De expositie heet ‘Im Frage‘ en is tot eind februari 2021 te bezoeken in museum Het Valkhof in Nijmegen. Daar staat een deel van Delissen’s eigen collectie hedendaagse kunst opgesteld; van jonge kunstenaars en op de grens van abstractie. Ter ere van zijn afscheid bij Dirkzwager op 1 januari 2021 zal hij bezoekende, voormalige cliënten persoonlijk rondleiden. Delissen: “Deze jonge kunstenaars verdienen het door het publiek bekeken en becommentarieerd te worden. Ik wil aanstormend talent een platform geven.”
Kunstliefhebber pur sang
Het originele afscheid komt niet helemaal uit de lucht vallen: Delissen is een ‘kunstliefhebber pur sang’, zo valt in het persbericht te lezen. De advocaat speurt galeries en beurzen af naar kunst van voornamelijk jong aanstormend talent. Doorheen de jaren heeft hij zo een imposante collectie abstracte werken (schilderijen, beelden, foto’s et cetera) verzameld en eerder al exposities georganiseerd.
De expositie is bovendien toepasselijk omdat Delissen de advocatuur achter zich laat om juist meer ruimte te creëren voor zijn kunstinteresse. Daarnaast pakt hij een studie filosofie op, wat volgens hem in lijn ligt met zijn belangstelling voor kunst: “Kunst en filosofie liggen heel dicht bij elkaar. De eerste mensen die over kunst en schoonheid nadachten waren filosofen. Ook de eerste kunstcritici waren filosofen.”
De advocatuurlijke handdoek in de ring
Hoewel Delissen dus de advocatuurlijke handdoek in de ring gooit, wil dit niet zeggen dat het advocatenbestaan hem is gaan tegenstaan. Hij licht toe: “De interesse in de advocatuur is ook, na ruim 36 jaar, niet verdwenen en ook aan energie ontbreekt het mij niet. In mijn advocatentijd was ik echter afhankelijk van weekenden om galeries, musea en dergelijke te bezoeken, en had ik geen tijd om bijvoorbeeld afstudeerpresentaties van de kunstacademies te zien. Dat wordt dus anders en dat geldt ook voor het lezen van filosofie.”

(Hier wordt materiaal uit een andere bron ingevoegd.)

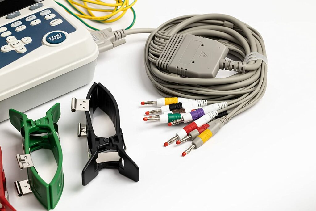 Inclus à l’achat : 1 câble patient, 4 électrodes d’extrémités, 6 électrodes thoraciques, 1 adaptateur secteur et câble d’alimentation, 1 rouleau de papier thermique, 1 manuel d’utilisation
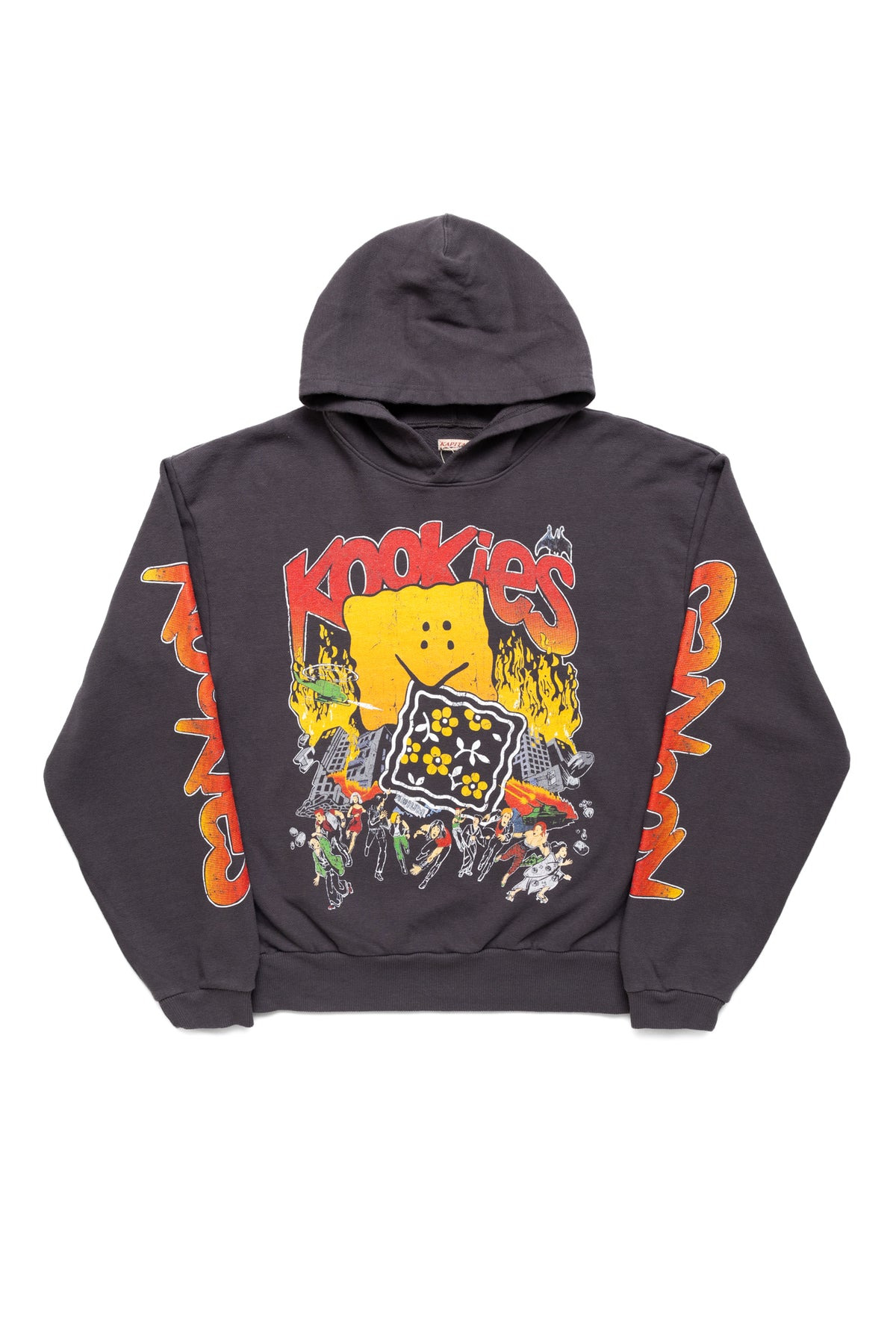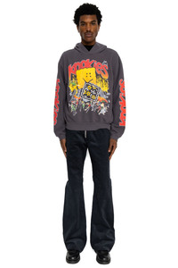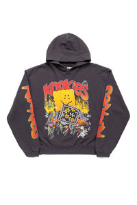 - A hooded sweatshirt inspired by vintage band T-shirts. - RAINBOWY turned into a cookie - Color: Ink Black - 100% cotton - Made in Japan - Model is 6'2 wearing a size 3

Delissen zal de advocatuur ook vooral missen, zo geeft hij tot slot desgevraagd aan. “Ik ga de hectiek missen; de spanning van een kort geding, het snel schakelen, het onderhandelen, maar ook het met cliënten meedenken over strategische kwesties,” stelt hij. “Er is eigenlijk niets uit het advocatenbestaan dat mij tegen staat, maar het allermeeste zal ik de reuring van het kantoor missen, de mix van jong en oud, het opleiden, het sparren en het samen bouwen aan de toekomst van Dirkzwager.”